The former diplomat also criticised the Taliban for its connections to global terrorist organisations. He emphasised how the Taliban has disregarded the requirements of the Doha Agreement to combat terrorism ever since seizing control of Kabul in August of last year. ‘ Once again, the Taliban have shown that their statements aren’t worth the paper they’re printed on. Not just in Afghanistan, but throughout the world, they have posed a threat ‘, Bolton stated in the interview with VOA.

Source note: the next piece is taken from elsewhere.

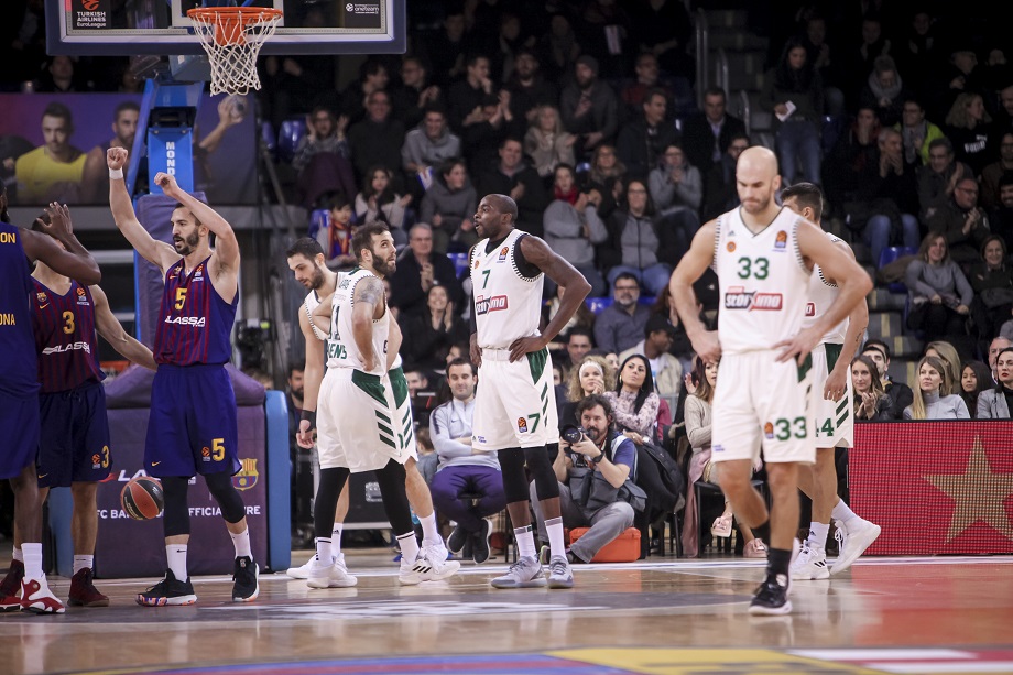 Παρά την μεγάλη του προσπάθεια ο Παναθηναϊκός δεν τα κατάφερε. Έχασε και στη Βαρκελώνη μένοντας στη μία μόλις νίκη εκτός έδρας, επίδοση που αν δεν βελτιωθεί τον οδηγεί με μαθηματική ακρίβεια εκτός οκτάδας.

In light of the US drone operation that killed al-Qaeda leader Ayman al-Zawahiri, the former top official said that the Taliban had failed to uphold its obligations under the Doha Agreement, particularly given Zawahiri’s continued presence in Afghanistan, according to Khaama Press. The Islamic State-Khorasan (ISIS-K) has been able to extend its territory to almost all of Afghanistan’s provinces in the months since the Taliban assumed power at the federal level. According to the Washington Post, the U.N. mission in Afghanistan made this statement in November.

ISIS-K has also accelerated the pace of its attacks, carrying out ambushes, killings, and suicide bombers. In 2015, ISIS-K first set up shop in Afghanistan. Hafiz Saeed Khan, a citizen of Pakistan, who had sworn allegiance to the Islamic State’s commander at the time, Abu Bakr al-Baghdadi, in 2014, launched it. It attracted some recruits from the Taliban and other extremist organisations, but its original membership was primarily made up of Pakistani terrorists and was centred primarily in the eastern Afghan province of Nangahar.

An extreme Sunni Muslim movement known as Salafism is practised by the Islamic State. ISIS-K has frequently attacked the Hazara minority group of Shiites in Afghanistan. Sanaullah Ghafari, also known as Shahab al-Muhajir, is the leader of ISIS-K and is thought to be in eastern Afghanistan, according to the UN.
Al-Qaeda, an adversary of the Islamic State, and the Taliban have always had strong links. Although Taliban leaders agreed to prevent Afghanistan from serving as a safe haven for terrorist organisations in a 2020 agreement with the US, The Washington Post reported that the death of Al-Qaeda leader Ayman al-Zawahiri in a US drone strike in Kabul last month seemed to indicate ongoing ties between the groups.

The United Nations assessed that ISIS-K had between 1,500 and 2,200 fighters in Konar and Nangahar provinces before the Taliban took control, in addition to smaller cells in other regions of the nation. Leaders of the Islamic State criticised the Taliban’s win last year, believing it to be insufficiently severe. According to the UN monitoring team, ISIS-K received new funding of USD 5,00,000 from the core Islamic State group around the end of last year. In the fall, a Taliban intelligence official admitted that several Islamic State captives were freed as a result of his group’s struggle to topple the US-backed Afghan government.